Helena’s dry response: “News travels rapidly at AAI.”
Myka waited to say more until she received her drink. Was she trying to make Helena anticipate, raise the stakes as to what was coming next? Yes... and trying to keep Helena’s interest piqued: that felt like before. But should now be like before? Myka had no idea. She could prolong the anticipation by lifting her glass, by sipping and savoring... but now wasn’t then. Instead, she stared at her scotch while saying, “I heard you said I deserve to be treated well.”

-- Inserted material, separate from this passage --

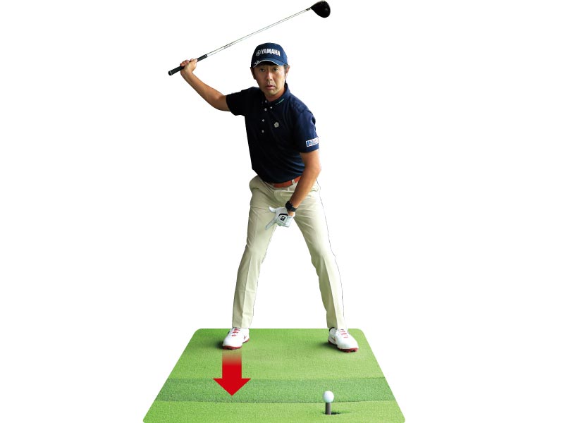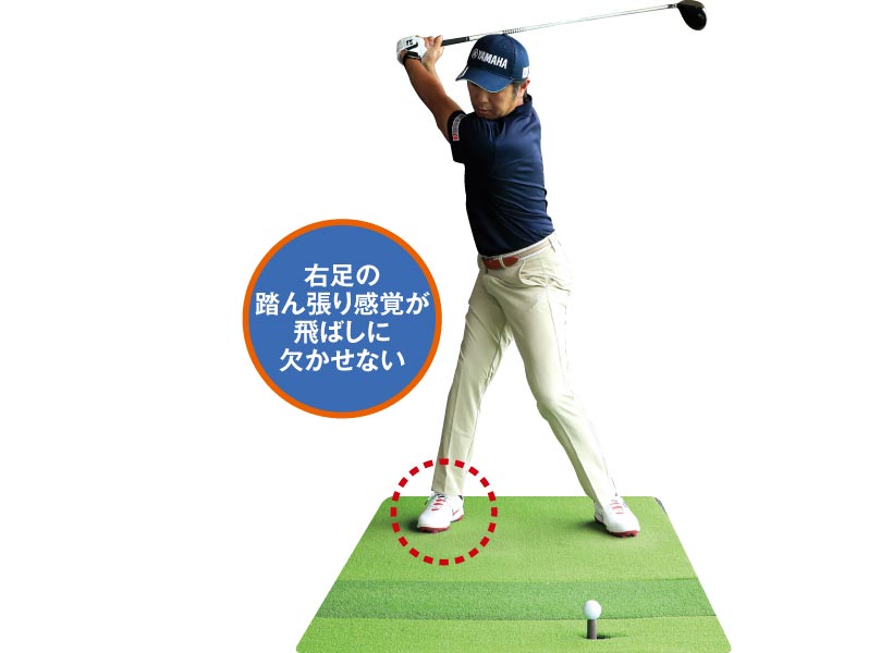 その特長がよく表われているのがバックスイング中の右足の踏ん張り。右足の内側でゴムティを踏んでいるとすれば、ゴムティを思い切り踏むようにして右足の内側に圧力をかけて上体を捻転させています。右足の内側でしっかり踏ん張れば右ヒザは多少右に動いても構いません。このように深い捻転を作っておけば飛ばしのパワーが存分に蓄えられて、ダウンスイング以降でターゲット方向にパワーをぶつけるイメージでヘッドを走らせることができるのです。

Helena then made Myka wait, but not long; she responded, even more dry, “Extremely detailed news travels rapidly at AAI.”
“No... news travels at AAI like carrier pigeons chirping through tin cans.” Myka raised her eyes. She needed to see Helena’s reaction to what she intended to say next. “For example, I also heard that you heard that Pete and I are together.”
Helena deflected. She looked deep into her own drink, a voluminous glass of a leggy red. “In the interest of accuracy, that is not what I heard. I heard—or rather, I was told—that you have a boyfriend. I inferred for myself that that boyfriend is Pete.”
In that instant, Myka saw herself putting a stop to everything, regardless of new wishes and old wants. She could say “It is,” and that would truly be that.
Instead, after a breathing decision, she said, “It isn’t.”
“I need you to tell me it isn’t anyone else either,” Helena said.
Myka was pretty sure that was about Giselle, and again, she could put a stop to everything...
“It isn’t,” she repeated, for all the truth.